• EXERCISE DETAILS
Starting at the line that contains "ジムニー、AZオフロードのタイヤが安い!(*゚▽゚)ノ" and stopping at the line that contains "MDG was already", restate each line of the records below exactly. Omit the pictures.
[[ DATA open ]]
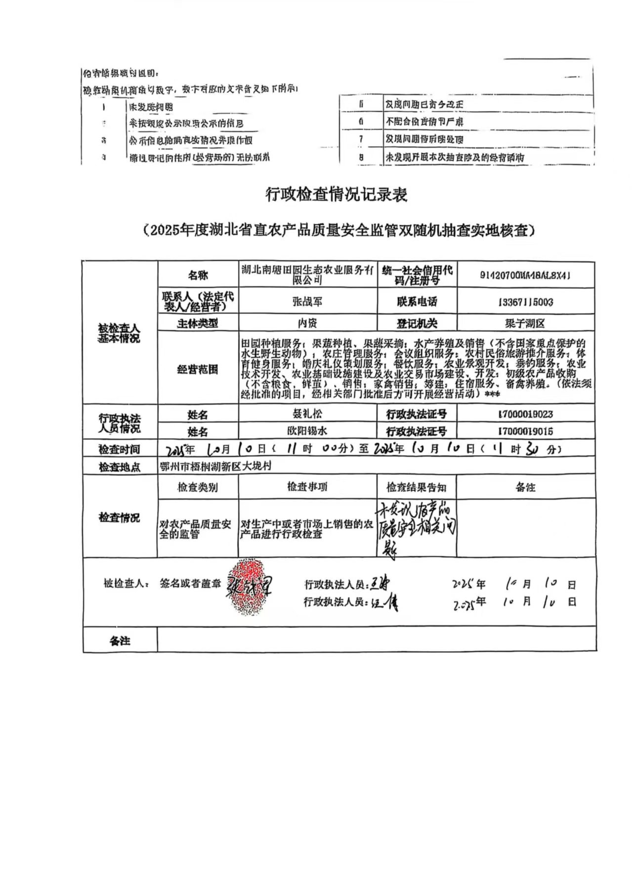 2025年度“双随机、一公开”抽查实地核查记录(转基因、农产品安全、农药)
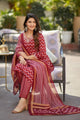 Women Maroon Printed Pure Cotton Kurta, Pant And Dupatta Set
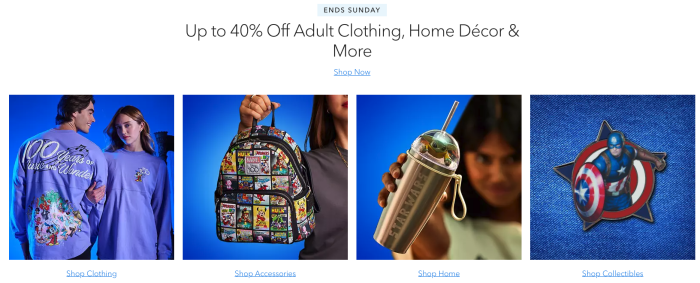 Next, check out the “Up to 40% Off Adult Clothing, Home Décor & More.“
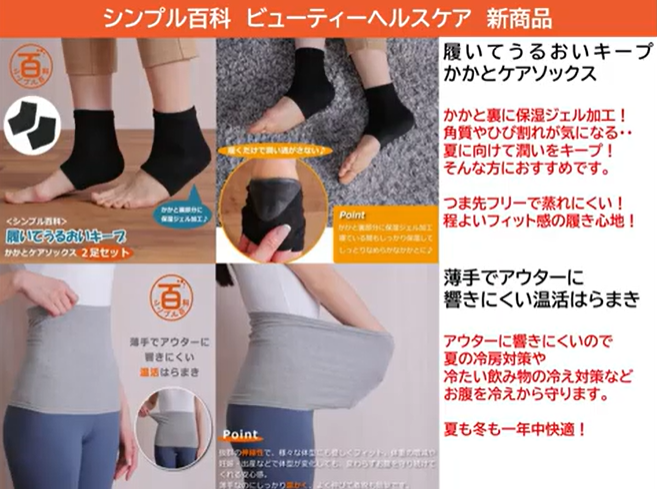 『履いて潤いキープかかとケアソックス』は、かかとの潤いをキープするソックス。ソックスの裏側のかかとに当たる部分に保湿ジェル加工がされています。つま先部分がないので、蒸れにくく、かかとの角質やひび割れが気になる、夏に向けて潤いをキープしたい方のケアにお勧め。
[[ DATA closed ]]
[[ DATA open ]]
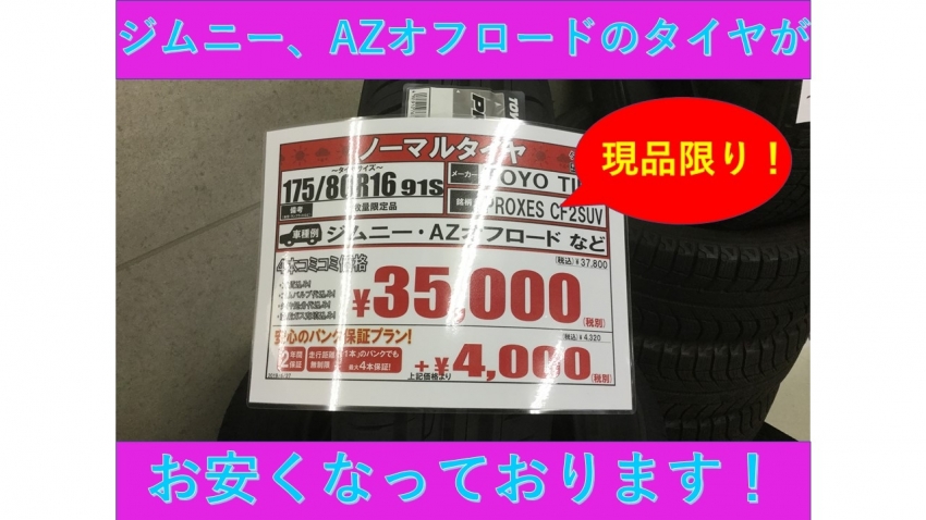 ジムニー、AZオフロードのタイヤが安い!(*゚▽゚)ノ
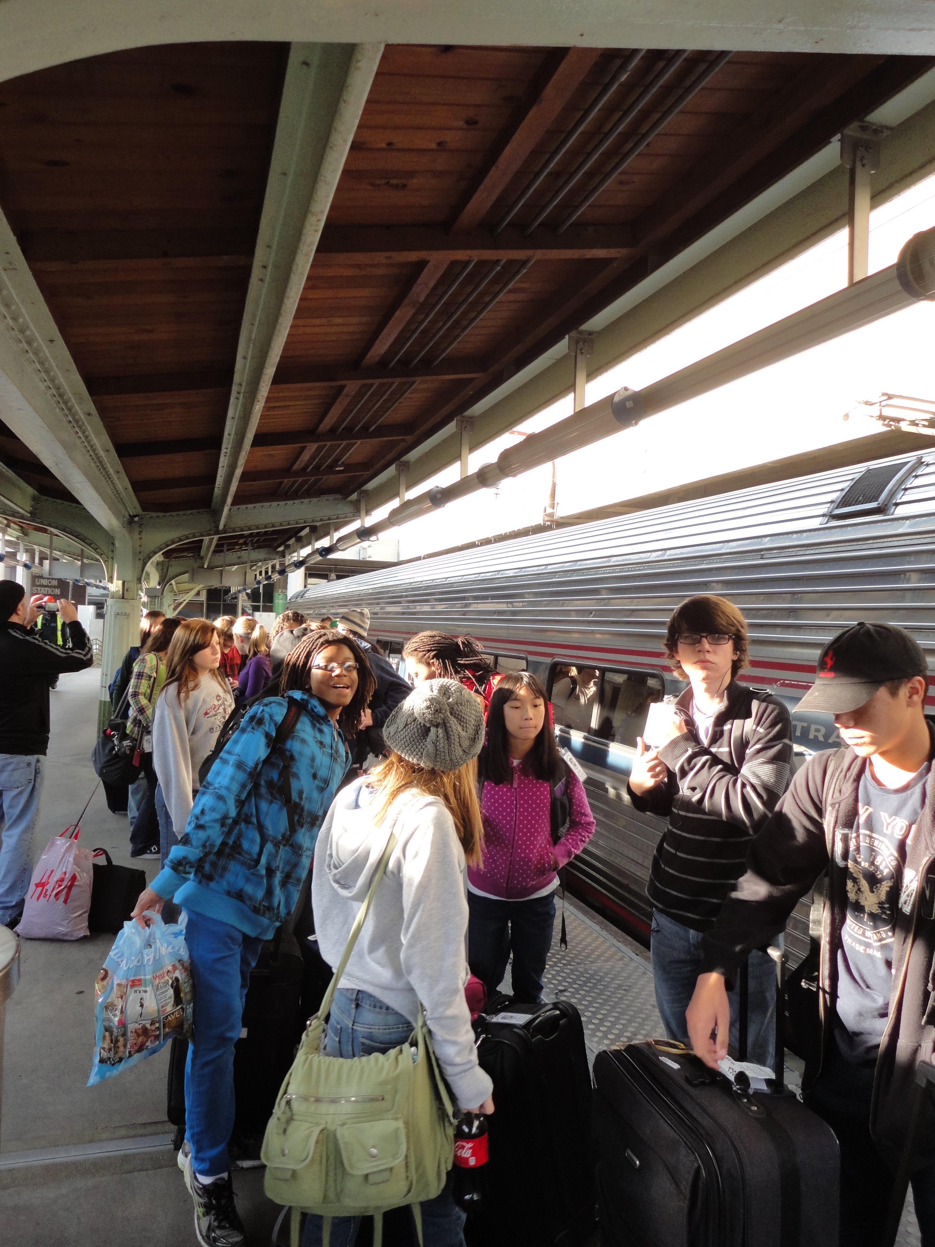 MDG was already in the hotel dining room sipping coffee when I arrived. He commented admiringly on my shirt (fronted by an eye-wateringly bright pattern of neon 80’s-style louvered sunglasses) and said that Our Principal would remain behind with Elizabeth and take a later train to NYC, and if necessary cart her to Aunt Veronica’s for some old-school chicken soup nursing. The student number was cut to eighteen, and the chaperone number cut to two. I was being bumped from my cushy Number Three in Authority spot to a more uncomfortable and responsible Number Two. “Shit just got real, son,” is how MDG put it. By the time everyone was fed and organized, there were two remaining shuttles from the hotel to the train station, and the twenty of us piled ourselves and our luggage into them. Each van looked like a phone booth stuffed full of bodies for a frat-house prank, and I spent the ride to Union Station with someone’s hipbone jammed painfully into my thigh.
[[ DATA closed ]]
[[ DATA open ]]
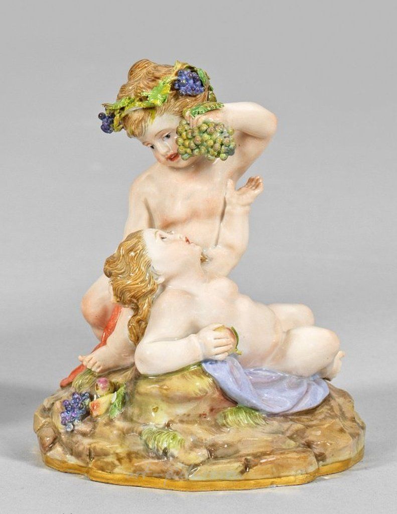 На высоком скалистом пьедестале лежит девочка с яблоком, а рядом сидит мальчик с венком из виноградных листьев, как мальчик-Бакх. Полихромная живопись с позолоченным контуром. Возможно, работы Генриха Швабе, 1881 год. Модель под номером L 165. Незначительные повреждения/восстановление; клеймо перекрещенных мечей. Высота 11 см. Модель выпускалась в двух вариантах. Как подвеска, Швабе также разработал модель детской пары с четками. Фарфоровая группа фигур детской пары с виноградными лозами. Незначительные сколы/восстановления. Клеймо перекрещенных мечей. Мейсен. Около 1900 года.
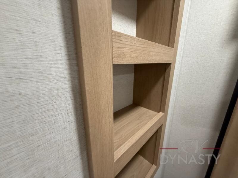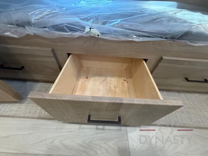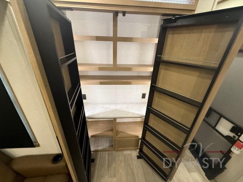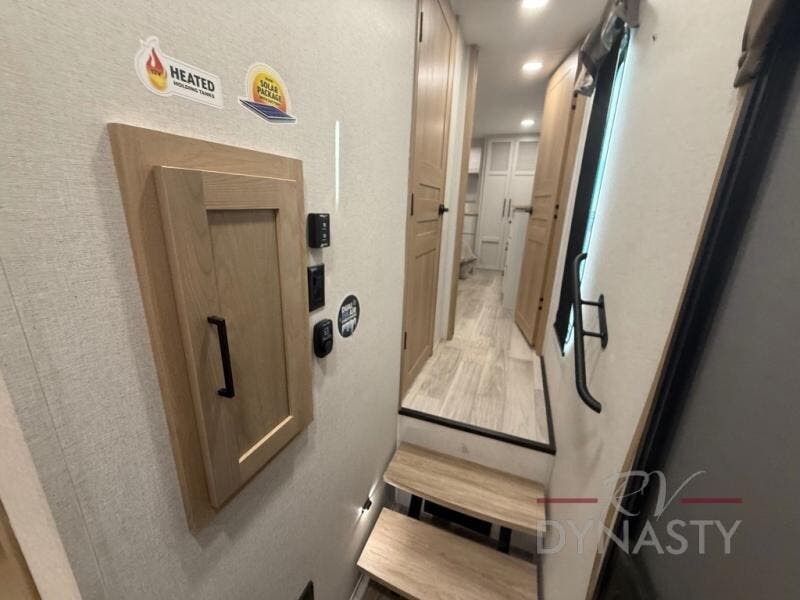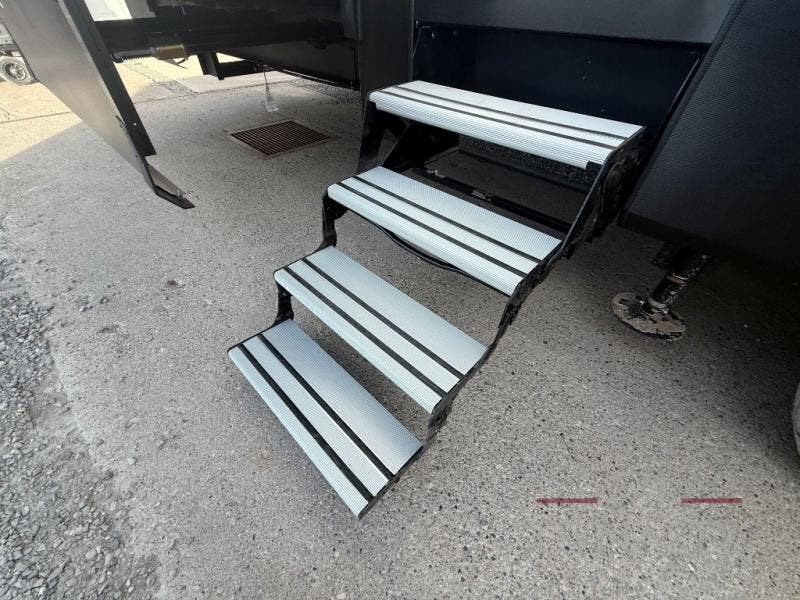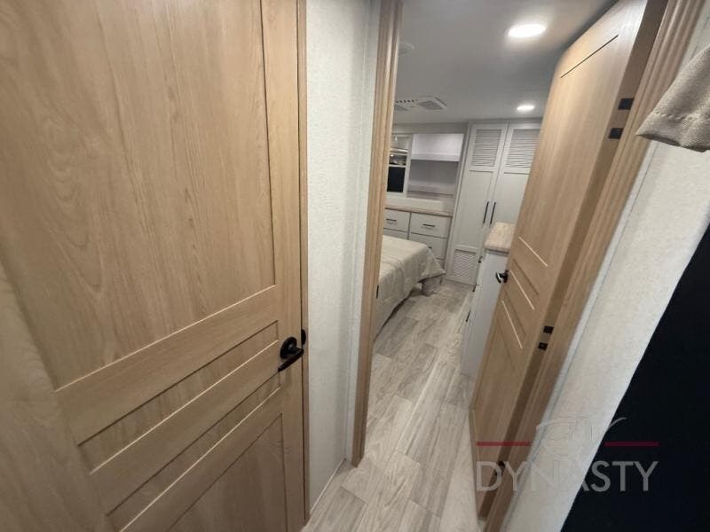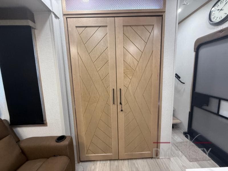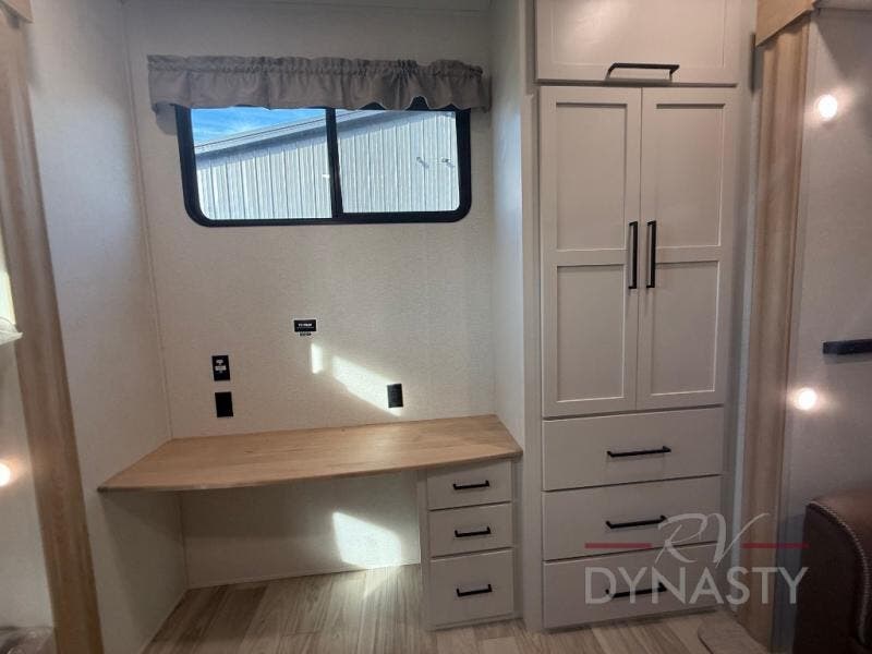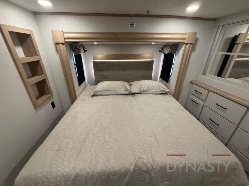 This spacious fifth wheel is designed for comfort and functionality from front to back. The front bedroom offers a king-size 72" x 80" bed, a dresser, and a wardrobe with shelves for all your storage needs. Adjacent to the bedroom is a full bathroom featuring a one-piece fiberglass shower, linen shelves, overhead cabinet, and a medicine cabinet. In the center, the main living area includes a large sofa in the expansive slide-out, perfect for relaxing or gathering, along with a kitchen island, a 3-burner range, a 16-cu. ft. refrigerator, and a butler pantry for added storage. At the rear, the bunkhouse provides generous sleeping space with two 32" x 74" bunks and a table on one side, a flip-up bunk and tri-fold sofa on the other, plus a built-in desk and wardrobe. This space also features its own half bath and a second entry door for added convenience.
[[ DATA closed ]]
• OUTPUT OF THE EXERCISE
 ジムニー、AZオフロードのタイヤが安い!(*゚▽゚)ノ
 MDG was already in the hotel dining room sipping coffee when I arrived. He commented admiringly on my shirt (fronted by an eye-wateringly bright pattern of neon 80’s-style louvered sunglasses) and said that Our Principal would remain behind with Elizabeth and take a later train to NYC, and if necessary cart her to Aunt Veronica’s for some old-school chicken soup nursing. The student number was cut to eighteen, and the chaperone number cut to two. I was being bumped from my cushy Number Three in Authority spot to a more uncomfortable and responsible Number Two. “Shit just got real, son,” is how MDG put it. By the time everyone was fed and organized, there were two remaining shuttles from the hotel to the train station, and the twenty of us piled ourselves and our luggage into them. Each van looked like a phone booth stuffed full of bodies for a frat-house prank, and I spent the ride to Union Station with someone’s hipbone jammed painfully into my thigh.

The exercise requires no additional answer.